Unfortunately for Fitzgerald, their mild praise was drowned out by the frustration of other more authoritative critics. “When This Side of Paradise was published,” Harvey Eagleton wrote in The Dallas Morning News, referring to another book from the author, “Mr. Fitzgerald was hailed as a young man of promise, which he certainly appeared to be. But the promise, like so many, seems likely to go unfulfilled.”
The Canadian-American journalist Isabel Paterson didn’t think that The Great Gatsby was as bad as other people were saying it was, but she didn’t think it was exceptionally good either. In her review for The New York Herald, she concluded it was “a book for the season only,” adding that, “what has never been alive cannot very well go on living.”
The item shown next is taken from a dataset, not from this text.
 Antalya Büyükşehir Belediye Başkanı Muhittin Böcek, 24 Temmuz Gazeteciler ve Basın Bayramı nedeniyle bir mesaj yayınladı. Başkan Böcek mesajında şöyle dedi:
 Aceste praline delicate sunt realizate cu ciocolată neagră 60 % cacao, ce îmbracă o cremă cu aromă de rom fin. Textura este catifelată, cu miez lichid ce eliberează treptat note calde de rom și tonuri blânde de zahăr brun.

Even some of Fitzgerald’s friends were disappointed with the book. “To make Gatsby really Great,” Edith Wharton, a fellow author, wrote to him in April of 1925, “you ought to have given us his early career (not from the cradle—but from his visit to the yacht, if not before) instead of a short resume of it. That would have situated him & made his final tragedy a tragedy instead of a fait divers for the morning papers.”
A glorified anecdote?
It is worth taking a closer look at one of these negative reviews to better understand why The Great Gatsby rubbed so many of its first readers the wrong way. In a review published in The Chicago Sunday Tribune on May 3, 1925, journalist H.L. Mencken goes to considerable lengths to prove to his readers why Fitzgerald’s latest work should not be mistaken for Literature with a capital L.
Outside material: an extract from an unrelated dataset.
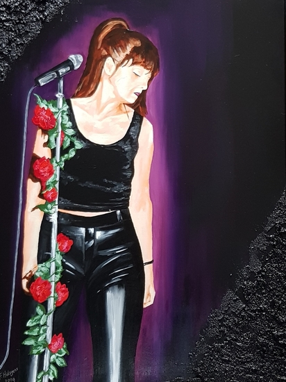 In 2017 ontstond het schilderij "Carillo". Mensen die mij goed kennen wisten dat ooit het kunstwerk "Golden" zou volgen. "Golden" is een eerbetoon aan mijn goede vriendin Annie Golden. Het zou kunnen dat je haar kent als zangeres. Ze vormde in de jaren 90 met Frank Carillo het duo "Golden Carillo". Daarvoor had ze eind jaren 70 bekendheid gekregen met haar band The Shirts. Deze uit NYC afkomstige formatie scoorde hits met "Tell me your plans"en "Laugh and walk away". Het zou ook kunnen dat je haar werk als actrice kent. Ze speelde o.a. de rol van Jeannie in de filmversie van Hair (Milos Forman), maar had ook een rol in "Twelve Monkeys", "One way out", " Baby Boom", "Desperately Seeking Susan", "Prelude to a kiss", "Miami Vice", "Cheers", "Law and order" en recent "Orange is the new Black". Anno 2019 zingt Annie nog steeds, maar vooral in musicals op Broadway. Ik heb Annie ontmoet in 1994 en tot de dag van vandaag zijn we bevriend. Het schilderij toont Annie in een voor haar typerende houding, zoals ze op het podium stond in 1997 , de roosjes om de microfoonstandaard mochten nooit ontbreken. Het was net als bij het schilderij van Frank niet de bedoeling een zuiver lijkend portret te maken, maar om de sfeer te vangen die het duo "Golden Carillo" zo uniek maakte.

Echoing Paterson’s statement that “what has never been alive cannot very well go on living,” Mencken complains that Fitzgerald focuses too much on narrative structure and not enough on characterization — one of the things that distinguishes a great novel from an interesting story. The Great Gatsby, in other words, is well-told but not impactful. It is, as Mencken says, “in form no more than a glorified anecdote.” He continues:
Fitzgerald reinstated
While The Great Gatsby is more beloved today than it was in Fitzgerald’s own time, occasional criticisms — presented as “hot takes” — continue to appear in magazines. When Baz Lurhmann’s mediocre film adaptation released in 2013, for example, Joshua Rothman from The New Yorker said it was “trashy, tasteless, seductive, sentimental, aloof, and artificial,” just like its source material.
But Rothman’s critique is more nuanced than that of his predecessors. Using the film’s release to discuss the reasons for the book’s latent success, he makes two interesting arguments: first, that it’s popular with present-day readers because it embraces the extravagance of the Roaring Twenties; and, second, that it was unpopular with contemporary readers because this embrace borders on parody and criticism.
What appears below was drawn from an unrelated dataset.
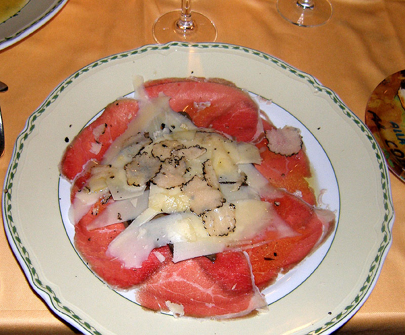 Carpaccio de boeuf et parmesan et truffes blanches.

“It’s popular because we still live in that atmosphere today,” he explains. “Fitzgerald’s novel is cool, sexy, stylized, and abstract; there’s a dreamlike falseness, a hollowness, an unreality to it, and that apparent superficiality is part of what makes it fascinating. It’s modernist and European without being arty […] for all its strangeness, it also possesses a glamorous, crowd-pleasing commercialism.”
To us, the setting of The Great Gatsby comes across as an exaggerated fantasy. For Mencken and Paterson, it was a stylized but ultimately faithful depiction of a reality they knew all too well. As did Fitzgerald himself. Like Daisy and Tom Buchanan, he and his wife Zelda lived a life confined to fancy hotel rooms, invite-only parties, and the backseats of luxury cars going way over the speed limit.
It was a lifestyle that eventually destroyed Fitzgerald, who died of complications of alcoholism at 44. While The Great Gatsby was written during the peak of his life and career, the book’s underlying melancholy — encapsulated in Daisy hoping her daughter will be “a beautiful little fool” — hints that the author was, on some level, aware of where he would end up. If The Great Gatsby isn’t great, it’s certainly poetic.